The real disgrace, though, is Bell's belief that he is so much better - morally, practically, even oratorically - than everybody else, writes Siôn Simon

(A Labour Party insider gives an appraisal of Martin Bell's character)


HUMBUGS of the world, rejoice!  The Prince of Smugness has written a book.  An Accidental MP, currently being serialised by the Mail on Sunday, is Martin Bell's account of life as an independent MP.  It is interlaced with his pensées about parliament, government and the state of democracy.  I have read only the serialisation, but that was enough.

Having become so familiar as a BBC war correspondent, Mr Bell's public image is virtually unassailable.  In an age which tends to revile even the most austere print journalists, the television news reporter is hardly viewed as belonging to the same profession, but as an altogether higher and more serious being.  The television foreign correspondent - who is seen to risk death and discomfort in order to carry truth from troubled lands - has an almost shaman-like status in these post-religious, post-ideological times.

It would take a pen far mightier than mine to put Mr Bell into perspective.  But I shall try.  The cult of the foreign correspondent is misleading.  At its best, war reporting is brave and admirable, but of recent years there has grown a strand which is sentimental and self-indulgent, preferring to wallow in the misery of a situation rather than to analyse its causes.  A typical example was the British television news reporter who concluded his report by saying, "In the end, it comes down to how much we care".  Of course, that is the opposite of the truth.  It never comes down to how much we care; always to what we can do.

The journalistic inadequacy of that viewpoint is overwhelming.  After bravery, news-sense and a general impressionistic gift, the two indispensable qualities of a foreign correspondent are a general analytical intelligence, and, ideally, some political nous.  The best have a surfeit of the latter; most get by with plenty of the former; the worst have neither.

Which brings me back to Mr Bell.  The "It comes down to how much we care" school of foreign correspondence is also a microcosmic manifesto for the worst kind of gesture politics.  And, sure enough, that is what Mr Bell chose as his Westminster specialism.  First, though, I should say a word about hypocrisy.

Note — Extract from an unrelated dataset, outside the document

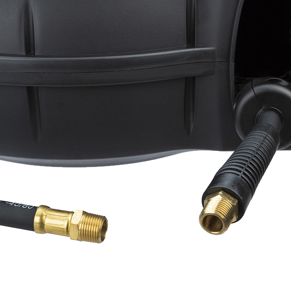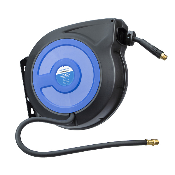 Катушка в прочном пластиковом корпусе обеспечивает дополнительную защиту шланга от внешних воздействий. Поворотное крепление позволяет закрепить катушку в любом удобном месте. Возвратный механизм автоматически наматывает шланг на барабан после отключения. Улучшенный механизм подачи позволяет зафиксировать шланг на любой необходимой длине. Все соединения в катушке герметичны.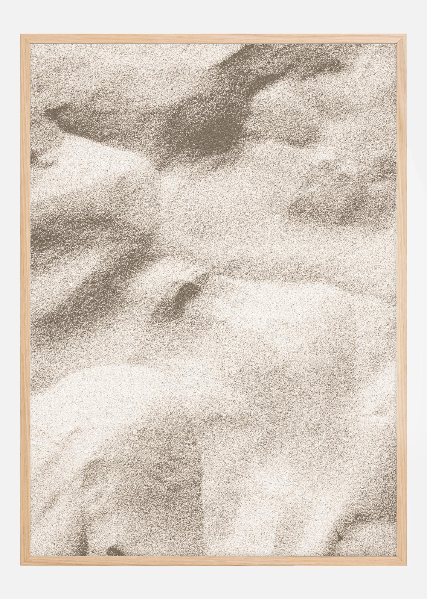 This stripped-down and meditative poster captures the natural texture and soft contours of sand dunes. The monochrome photo plays on light and shadow to highlight the sensual and ephemeral forms created by the wind's movements across the sand's surface. The soft gradients from light to dark create an almost hypnotic effect, inviting reflection and stillness.

Mr Bell's parliamentary raison d'être is that he is completely independent.  Having been elected to Tatton because of popular protest against Mr Hamilton, he is apparently above and beyond party politics; a cleaner, truer, better man than the cringing compromisers who surround him.  I shall return to the smug, complacent arrogance of this sentiment, which radiates from every thread of his white suit as he struts about the palace of Westminster.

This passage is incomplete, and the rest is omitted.